I never acted out on any of my suicidal ruminations. I never had a “plan.” Depression wisdom says, “If you have a plan, call for help immediately.”
These posts are my own black thread. A dark and painful line of connection that will have tendrils in my life as long as I live. Once touched by depression, once experienced in depression, you can’t ever really escape the idea of depression. It could always come back. Some event, some overwhelming sadness triggered by a loss, could once again strip my enthusiasm for life. I work every day to keep this from happening. But I am no longer afraid that it will kill me. I am no longer afraid of my own depressive tendencies.
I wouldn’t say I’ve befriended my depression, but I would say I have learned to belittle it. When my mind goes south I try and recognize the insanity of my thinking and reach out for help. I have a close family who can support me by staying close, even when I’d rather crawl in bed and stay there. I have two wonderful care team members (a talky doc and a meds doc) who are in the loop, more so when I’m in a dark patch. And I’ve got my own sense of humor and self-love that soothes me, even when I’m down. My self-regulating mantra goes something like this.
“Wow, my thinking is really fucked up. I need to not pay so much attention to those dark thoughts. I need to check in with my family and team about how I am feeling. I also need to make sure I’m attending to the basics of healthy living.
- Eating well.
- Getting plenty of sleep.
- Trying to exercise even when I don’t feel like it.
- Laughing at anything and everything I can, including my wild ideas, and clearly fantastically fatalistic thinking.

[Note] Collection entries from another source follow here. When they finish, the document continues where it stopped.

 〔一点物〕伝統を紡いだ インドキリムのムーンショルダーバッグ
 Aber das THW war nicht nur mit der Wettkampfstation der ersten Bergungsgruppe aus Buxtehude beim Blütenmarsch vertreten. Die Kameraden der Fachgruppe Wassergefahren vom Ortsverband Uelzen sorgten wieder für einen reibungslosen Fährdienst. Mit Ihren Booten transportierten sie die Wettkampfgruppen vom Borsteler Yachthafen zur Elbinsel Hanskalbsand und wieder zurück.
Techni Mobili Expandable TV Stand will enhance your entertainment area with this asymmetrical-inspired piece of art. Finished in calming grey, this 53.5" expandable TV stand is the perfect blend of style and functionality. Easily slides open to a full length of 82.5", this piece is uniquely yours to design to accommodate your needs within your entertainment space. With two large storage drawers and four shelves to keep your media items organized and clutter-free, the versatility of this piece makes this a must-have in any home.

Get help. Get outside. And find someone to talk to. Here are the posts of my Black Thread. Let me know if I can help.
DEPRESSION – When You Point the Anger at Yourself
- Admitting My Depression Publicly
- Getting Too Close to the Sun
- The Unbearable Weight of Things
- With the Time I Have Left: Keep Climbing the Hill
- Little Ghosts Still Flutter My Heart
- Getting Quiet Again; Recovering from Another Fall Into Darkness
- Confronting God Alone, After Divorce
- Am I Back? What’s New, What’s Changed, What Will I Do Differently?
- The Self-Regulation of Poetry and Longing
- Things Broken and Unsaid
- Fundamental Flaw at the Beginning of My Marriage
- The Lover I Had This Time Last Year
- Back to the Beginning: Serenity with Your Coparent
- Everyone Loses In Divorce – What We Can Never Get Back
- My Funny Man Divorce: A Little Bill Murray a Touch of Robin Williams Mixed w/ Ferris Bueller
- Too Positive, Too Optimistic? A Blind Side.

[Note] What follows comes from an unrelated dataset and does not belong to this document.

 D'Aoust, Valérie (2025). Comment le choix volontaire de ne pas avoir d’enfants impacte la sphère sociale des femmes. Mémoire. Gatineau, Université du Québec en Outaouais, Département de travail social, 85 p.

- The Infinitely Desirable Woman with the Fractured Soul
- Losing Touch In the Off Times
- The Evolving Single Dad: Failure to Hopefulness Again
- Check Engine Light: How Long Until Repairs Are Forced By a Breakdown?

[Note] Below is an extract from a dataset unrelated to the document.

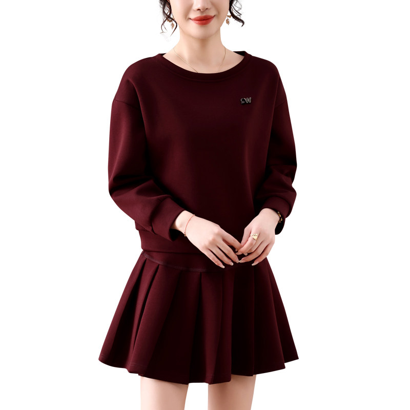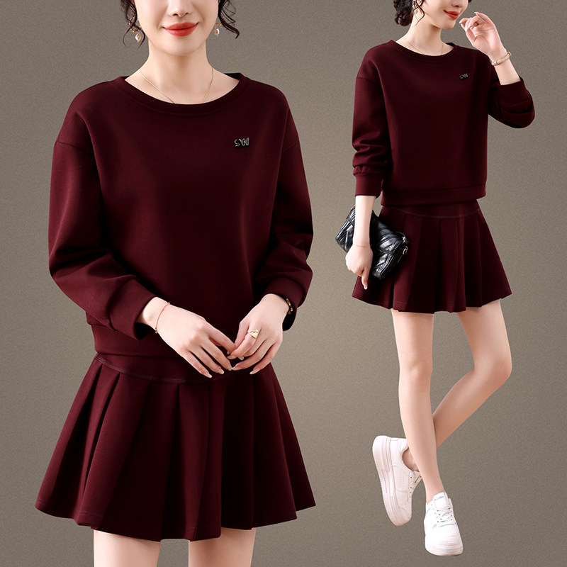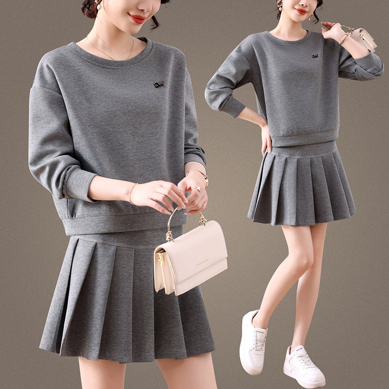 韩版通勤两件套连衣裙女2026新款春季显瘦收腰A字裙小个子百褶裙

- Gone. A Pause at Summer’s End.
- Alone is Different Than Aloneliness After Divorce
- What You Took Away; What I Get To Remember
- What You Can’t Leave Behind After Divorce
- Since My Last Confession
- Loneliness. Fessing Up When Things Hurt for No Apparent Reason
- How Much Longer Until I Feel Better? (Post-divorce Depression)
- I See You – Losing that Loving Perspective
- Followed by the Black Dog (of depression)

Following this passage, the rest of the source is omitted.